It was a fairly straightforward bug. A wide-character string function was called with a byte count instead of a character count, leading to a buffer overrun. After finding the problem the fix was as simple as changing sizeof to _countof. Easy.
But bugs like this waste time. A playtest was cancelled because of the crashes, and because the buffer-overrun had trashed the stack it was not trivial to find the bad code. I knew that this type of bug was avoidable, and I knew that there was a lot of work to be done.
The work that I did included:
Diagnose it earlier
If the program had crashed inside the function that had made the bad wide-character function call then finding the bug would have been trivial – code inspection would have quickly revealed it. But as soon as execution returned from that function the trashed stack obscured the location of the bug, making its investigation trickier.

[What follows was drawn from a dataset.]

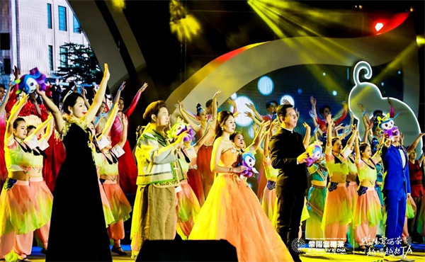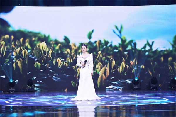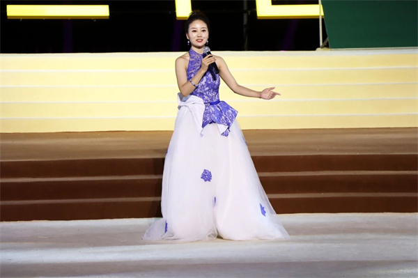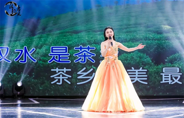 夏梅子在“漢江畫廊 茶歌紫陽”紫陽文旅專場推介活動上唱響《唱一曲茶歌走四方》
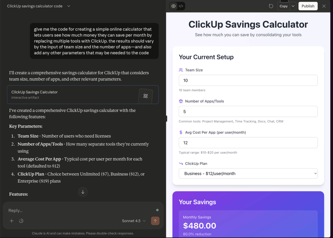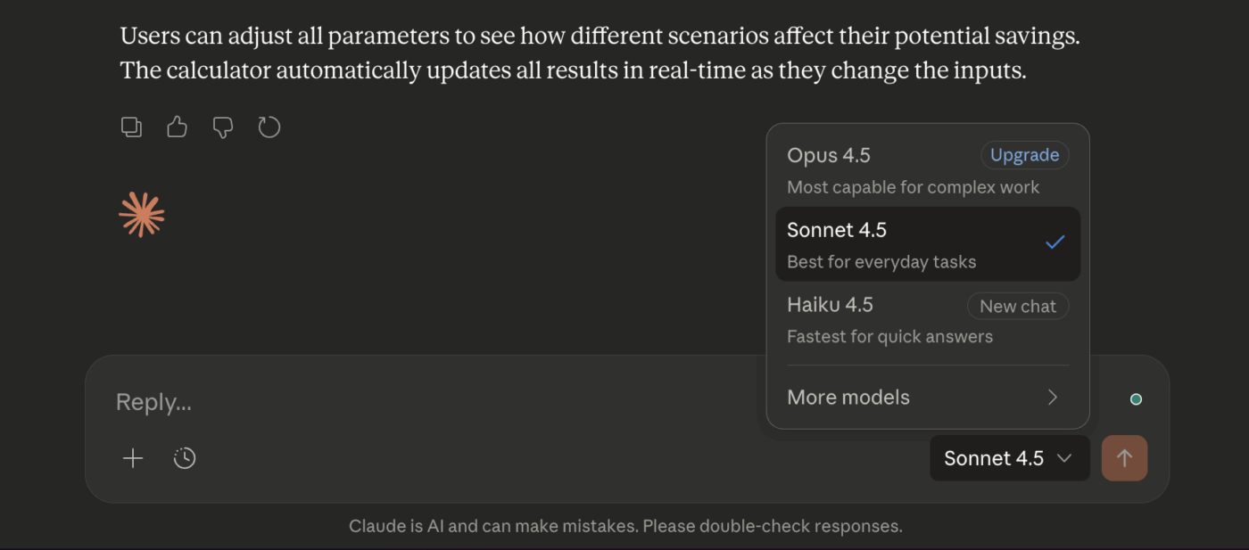 Sonnet 4.5’s your team’s reliable all-rounder. It offers the best balance of intelligence and speed for most day-to-day professional work. It’s great for coding, has solid reasoning skills, and responds much faster than Opus without the premium price tag. All of this makes it the one model your team can rely on all day.

It turns out, there’s a VC++ compiler switch to prevent returning after trashing the stack. So, the first thing I did was to turn on that switch, /GS. This switch tells VC++ to add a canary on the stack and check it before returning. With this switch turned on the crash was caught in the buggy function and locating it took seconds.
The /GS switch is intended as a security feature, to protect against malicious buffer overruns, but it also works well as a developer productivity tool. It does have some runtime cost, but the tradeoff is usually worth it, especially on internal builds. Recommended.
Cure the bug
Once I’d turned on /GS and reproed the bug it was trivial to find the bug so the next step was to fix it, as described earlier.

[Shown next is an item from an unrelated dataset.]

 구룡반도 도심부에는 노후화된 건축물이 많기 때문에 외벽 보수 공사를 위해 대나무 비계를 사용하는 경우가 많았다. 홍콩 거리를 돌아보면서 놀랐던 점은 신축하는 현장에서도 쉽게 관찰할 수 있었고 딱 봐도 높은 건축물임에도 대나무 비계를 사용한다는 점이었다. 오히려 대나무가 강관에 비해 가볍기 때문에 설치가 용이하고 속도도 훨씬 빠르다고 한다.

Don’t destroy the evidence
When the buffer overrun trashed the stack the buggy function returned to a garbage address, which happened to be in the heap. Wiping out evidence of the bug’s location was bad enough, but it was made worse because after returning to an address in the heap the game executed the data in the heap as instructions. This scrambled the registers and the stack and generally confused things.
And also, an executable heap? Really? That is a security hole of the first order. Therefore the next order of business was to change the linker settings to add /NXCOMPAT. This tells Windows to make the heap and the stack non-executable. This significantly improves security and it can also simplify debugging. And, this option has no run-time cost. Recommended. Actually, this should be considered required.
While I was in there I also turned on the /DYNAMICBASE linker switch in our release branches to further increase security, also with no run-time cost.
Avoid crashes from the future
At this point I’d fixed the bug, made future bugs of this type much easier to investigate, and improved security. But there was still much left to do. It turns out that this type of mistake is easy to make. When a developer passes a buffer and a size there are at least a half dozen different ways of passing the wrong size. The best way to avoid these bugs in the future is to avoid the need to pass the size. It is dead easy to create template functions that take an array as a parameter and infer the size with 100% accuracy. Instead of writing this:
mywprintf(buffer, _countof(buffer), …); // Verbose and dangerous
you can then write this:
mywprintf_safe(buffer, …); // Compact and safe
It’s less typing, less reading, and it’s guaranteed correct. The syntax for a templated function that takes an array reference is a bit gnarly, but you only need to get it right in a few places. I covered this technique in a previous blog post.
The template technique doesn’t work if you have a raw pointer, but for any other target you should be able to create an overload to handle it. Manually passing the size should be rare.
Therefore my next task was to add template overrides for all of our string functions, and encourage everyone to use them in all new code, thus making it trivial to avoid ever writing this type of bug again.
Avoid crashes from the past
While the safe template functions would let us avoid writing this type of bug in the future they did nothing about the millions of lines of existing code. It was safe to assume that there were more size mismatches waiting to bite us. So I added SAL annotations to our string functions, fired up Visual Studio’s /analyze, and started compiling. This was, by far, the biggest task. Any large code base that has not had static analysis run on it will have lots of detectable bugs. Buffer overruns, logic errors, format-string mismatches, use-after-free, and many more. I ended up running /analyze on five major projects, fixing thousands of bugs, and setting up build machines to report new problems. This was a few months of work spread out over several years, but time well worth spending. It’s still finding new coding errors today. I discussed this experience in a previous blog post.
Back to the future
/GS, /NXCOMPAT, /DYNAMICBASE, /analyze and all its associated labors – plus actually fixing the bug – took a lot of time, but it was definitely worth it. Most of these changes were trivial and had huge payoffs. Running /analyze was by far the biggest task but, like other smart programmers, I am convinced that it was invaluable. Entire classes of bugs – serious crashing bugs and crazy logic errors – that use to show up quite frequently are now entirely extinct. It is not often that you get to entirely eradicate dozens of types of bugs and doing this definitely increased developer productivity and product reliability.
Of course, crashes that no longer happen are invisible and it is impossible to know whether this work prevented a serious black swan event. The invisibility of the benefits can make it difficult to get recognition for this type of preventative bug fixing, so keep that in mind.
Simple bugs shouldn’t always trigger months of work, but it’s important to recognize when they should.